[[ DATA LISTING open ]]
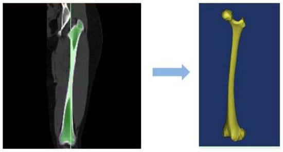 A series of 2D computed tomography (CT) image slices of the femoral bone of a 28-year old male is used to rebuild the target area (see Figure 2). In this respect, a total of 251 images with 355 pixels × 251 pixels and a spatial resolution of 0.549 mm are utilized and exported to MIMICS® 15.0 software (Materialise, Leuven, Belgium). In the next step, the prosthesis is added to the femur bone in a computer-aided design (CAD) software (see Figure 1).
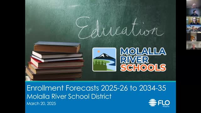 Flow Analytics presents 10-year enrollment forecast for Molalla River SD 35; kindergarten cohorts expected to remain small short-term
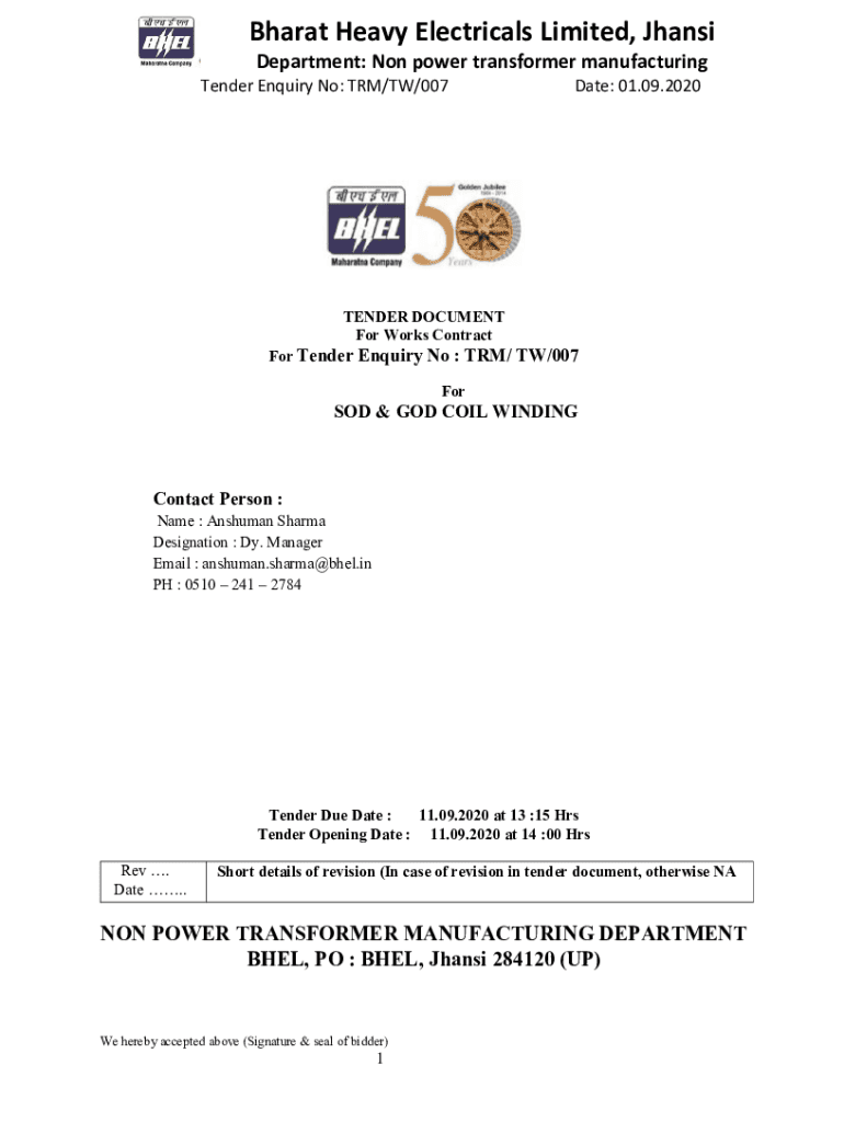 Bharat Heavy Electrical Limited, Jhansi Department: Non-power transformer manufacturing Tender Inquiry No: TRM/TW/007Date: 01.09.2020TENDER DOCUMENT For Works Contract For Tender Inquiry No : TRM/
[[ DATA LISTING closed ]]
[[ DATA LISTING open ]]
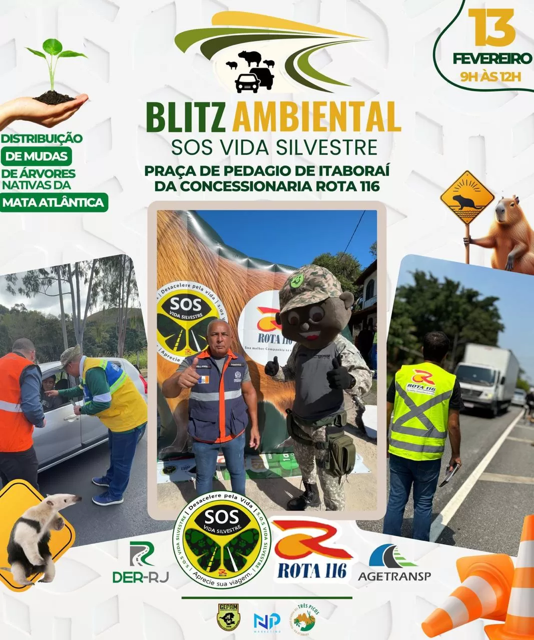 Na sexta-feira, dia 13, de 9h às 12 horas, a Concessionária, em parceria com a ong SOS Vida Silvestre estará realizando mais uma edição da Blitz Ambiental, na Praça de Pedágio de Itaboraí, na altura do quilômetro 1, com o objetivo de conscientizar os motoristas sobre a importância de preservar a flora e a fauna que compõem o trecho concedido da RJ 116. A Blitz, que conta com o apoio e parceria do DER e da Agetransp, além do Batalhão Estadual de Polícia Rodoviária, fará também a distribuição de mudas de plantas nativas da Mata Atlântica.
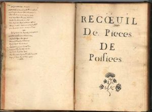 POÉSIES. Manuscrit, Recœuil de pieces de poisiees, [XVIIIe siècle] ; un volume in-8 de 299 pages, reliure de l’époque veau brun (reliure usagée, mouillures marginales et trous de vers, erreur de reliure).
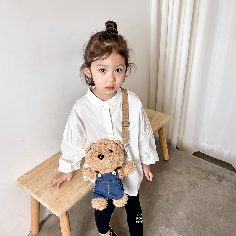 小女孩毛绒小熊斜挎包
[[ DATA LISTING closed ]]
[[ DATA LISTING open ]]
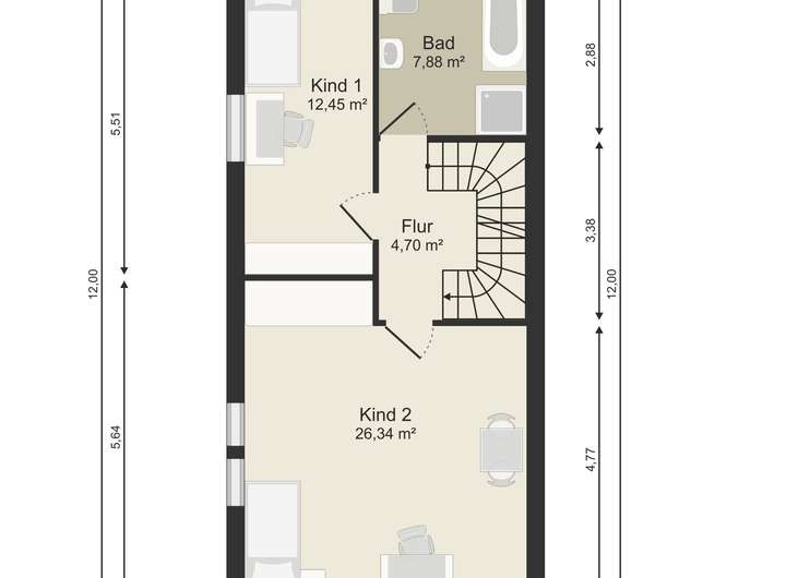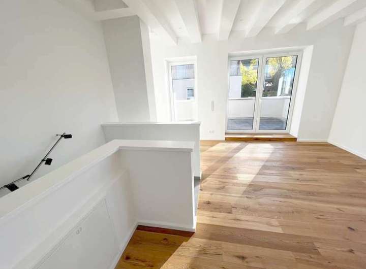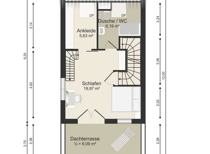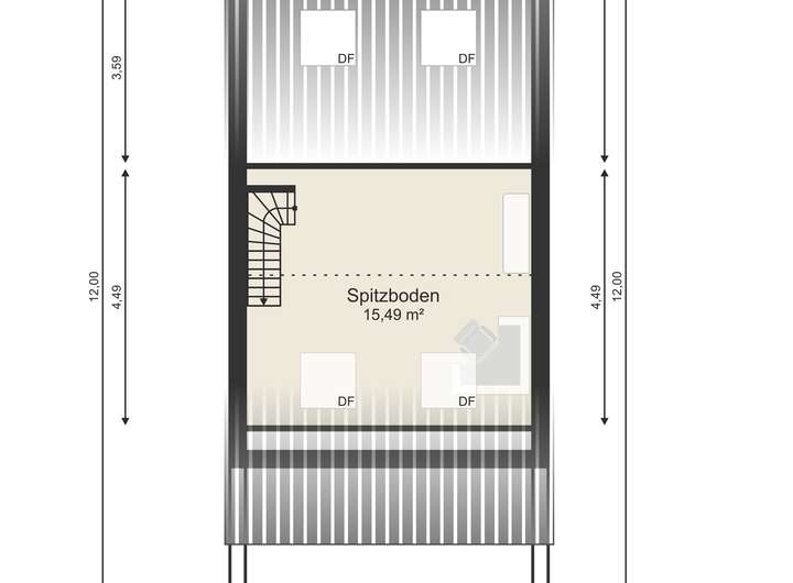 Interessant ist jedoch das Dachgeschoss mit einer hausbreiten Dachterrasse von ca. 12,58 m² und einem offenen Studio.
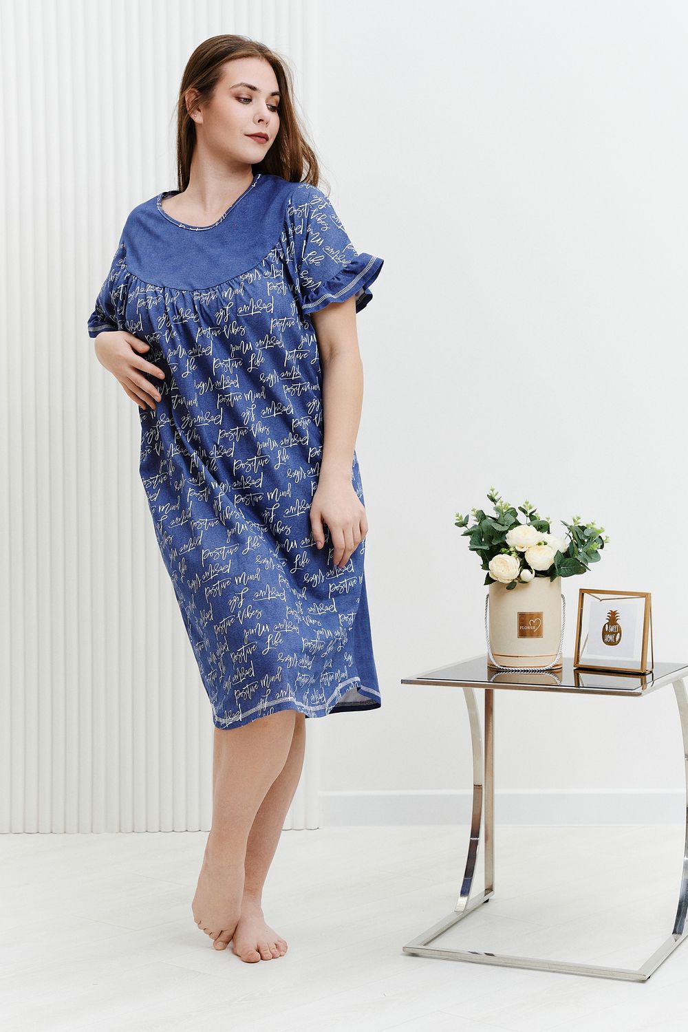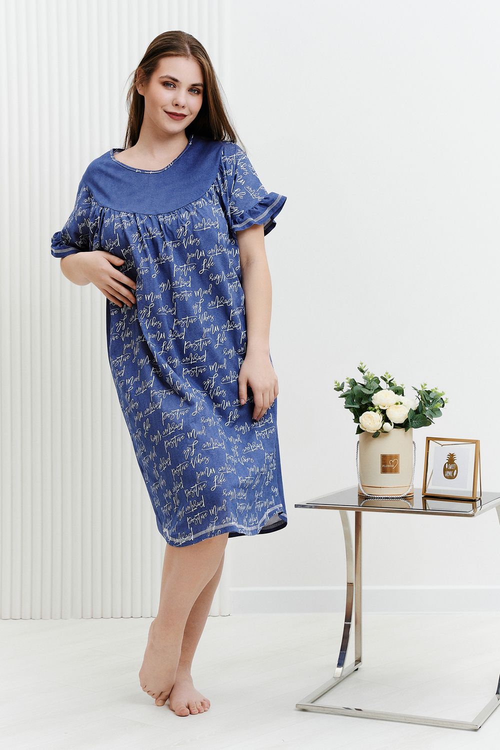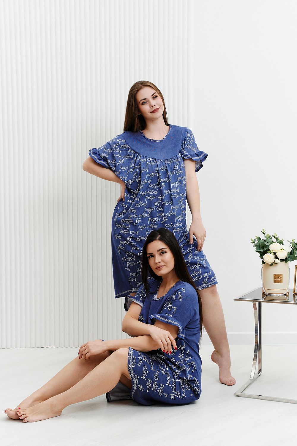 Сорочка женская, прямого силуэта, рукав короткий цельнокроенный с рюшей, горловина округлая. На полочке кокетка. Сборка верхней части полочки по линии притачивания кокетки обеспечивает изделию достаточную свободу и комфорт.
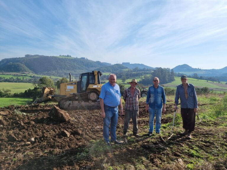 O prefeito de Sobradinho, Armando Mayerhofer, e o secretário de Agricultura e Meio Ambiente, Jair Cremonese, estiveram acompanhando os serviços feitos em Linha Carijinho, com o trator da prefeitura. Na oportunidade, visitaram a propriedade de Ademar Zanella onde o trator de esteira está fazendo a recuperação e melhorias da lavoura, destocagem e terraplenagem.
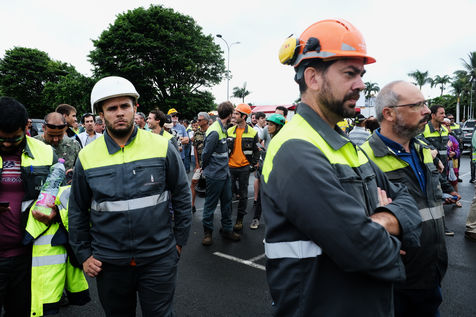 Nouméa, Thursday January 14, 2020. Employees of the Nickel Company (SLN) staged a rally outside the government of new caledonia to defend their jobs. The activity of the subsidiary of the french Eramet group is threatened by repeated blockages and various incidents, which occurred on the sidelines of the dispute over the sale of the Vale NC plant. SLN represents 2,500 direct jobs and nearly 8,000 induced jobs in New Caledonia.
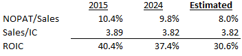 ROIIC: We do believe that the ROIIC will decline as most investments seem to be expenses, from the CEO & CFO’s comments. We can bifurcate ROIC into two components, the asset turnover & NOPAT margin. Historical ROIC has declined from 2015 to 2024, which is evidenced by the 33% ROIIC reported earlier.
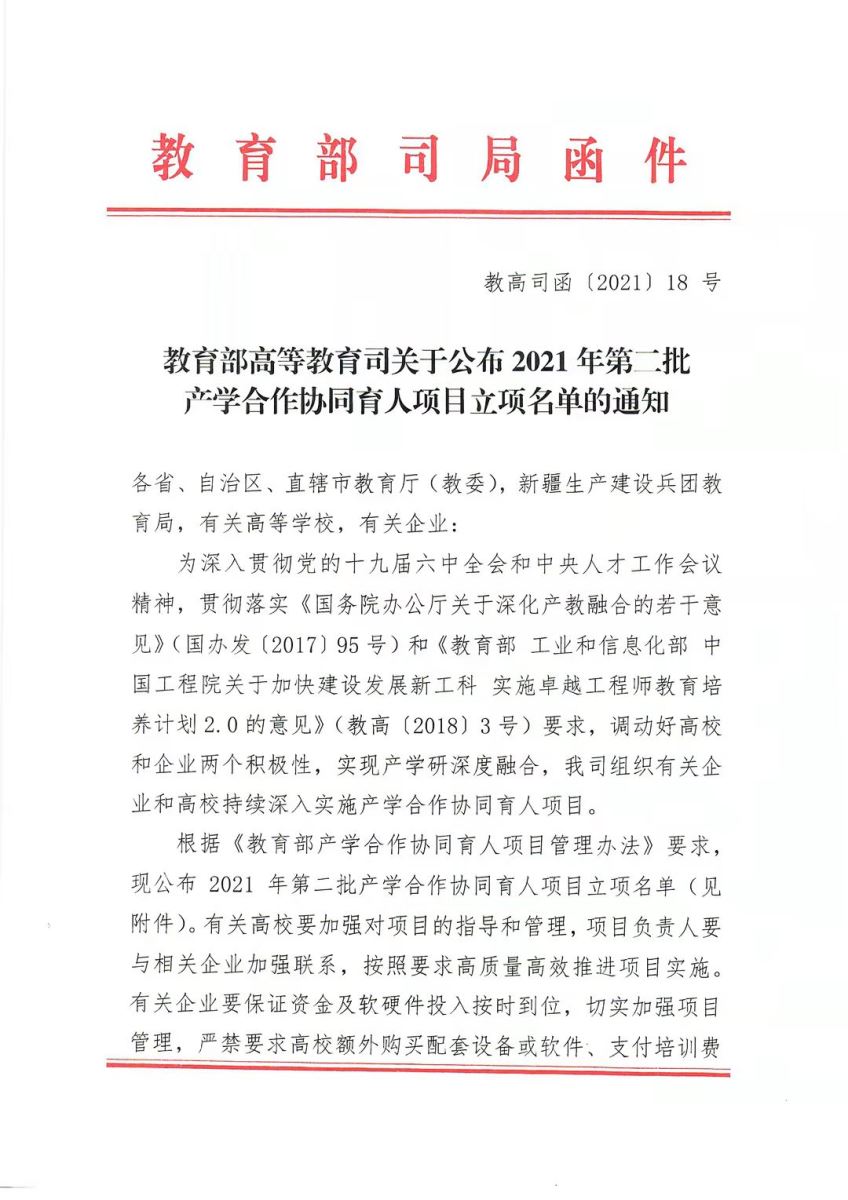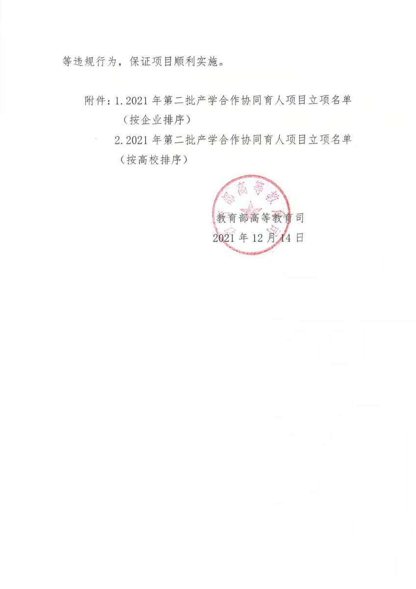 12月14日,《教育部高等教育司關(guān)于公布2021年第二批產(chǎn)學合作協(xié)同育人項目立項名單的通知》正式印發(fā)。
[[ DATA LISTING closed ]]
WHAT THE TASK ASKS: In the records above, copy exactly everything from the line that has "O prefeito de" down to the line that has "12月14日,《教育部高等教", both ends included, and leave out the pictures.

REPLY:
 O prefeito de Sobradinho, Armando Mayerhofer, e o secretário de Agricultura e Meio Ambiente, Jair Cremonese, estiveram acompanhando os serviços feitos em Linha Carijinho, com o trator da prefeitura. Na oportunidade, visitaram a propriedade de Ademar Zanella onde o trator de esteira está fazendo a recuperação e melhorias da lavoura, destocagem e terraplenagem.
 Nouméa, Thursday January 14, 2020. Employees of the Nickel Company (SLN) staged a rally outside the government of new caledonia to defend their jobs. The activity of the subsidiary of the french Eramet group is threatened by repeated blockages and various incidents, which occurred on the sidelines of the dispute over the sale of the Vale NC plant. SLN represents 2,500 direct jobs and nearly 8,000 induced jobs in New Caledonia.
 ROIIC: We do believe that the ROIIC will decline as most investments seem to be expenses, from the CEO & CFO’s comments. We can bifurcate ROIC into two components, the asset turnover & NOPAT margin. Historical ROIC has declined from 2015 to 2024, which is evidenced by the 33% ROIIC reported earlier.
 12月14日,《教育部高等教育司關(guān)于公布2021年第二批產(chǎn)學合作協(xié)同育人項目立項名單的通知》正式印發(fā)。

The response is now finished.